Why is $(\sqrt{2}+\sqrt{3})^{2008}$ so close to an integer?

Question

Using 5000-digit precision in PARI/GP, I discovered that the fractional part of $(\sqrt{2}+\sqrt{3})^{2008}$ is extremely small, less than $10^{-999}$. Is there a simple explanation for this fact ?

This looks like a Pisot number issue (similar questions have already been studied on MSE, see for example Why is $(2+\sqrt{3})^{50}$ so close to an integer?), but it’s a more complicated situation.

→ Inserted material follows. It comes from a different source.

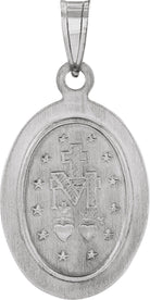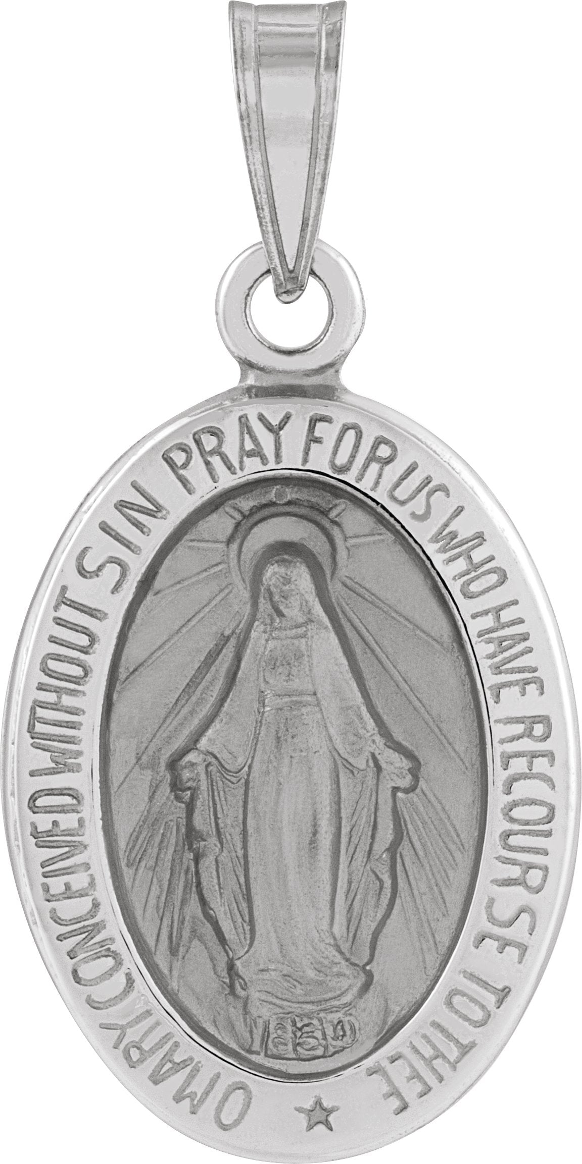 14K White 15x11.5 mm Oval Hollow Miraculous Medal

Related : Show that $(\sqrt{2} + \sqrt{3})^{2009}$ is rounded to an even number.

Answer 1

Your intuition is correct: $$ (\sqrt{2} + \sqrt{3})^{2008} = (5 + 2 \sqrt{6})^{1004} $$ and $5 + 2\sqrt{6}$ is a Pisot integer. Further, Newton's identities imply that $$ (5 + 2\sqrt{6})^n + (5 - 2\sqrt{6})^n \in \Bbb{Z} $$ for every positive integer $n$, thus the distance between $(5 + 2\sqrt{6})^{1004}$ and the closest integer is at most $$ (5 - 2\sqrt{6})^{1004} \approx 2.6743 \cdot 10^{-1000} $$

Answer 2

That is because

$$(\sqrt{3}+\sqrt{2})^{2m} + (\sqrt{3}-\sqrt{2})^{2m}$$

is an integer, namely

$$\begin{align} (\sqrt{3}+\sqrt{2})^{2m} + (\sqrt{3}-\sqrt{2})^{2m} = 2\sum_{k=0}^{m} \binom{2m}{2k} 3^{m-k}2^k, \end{align}$$

and $(\sqrt{3}-\sqrt{2})^{2m} <\frac{1}{3^{2m}}$.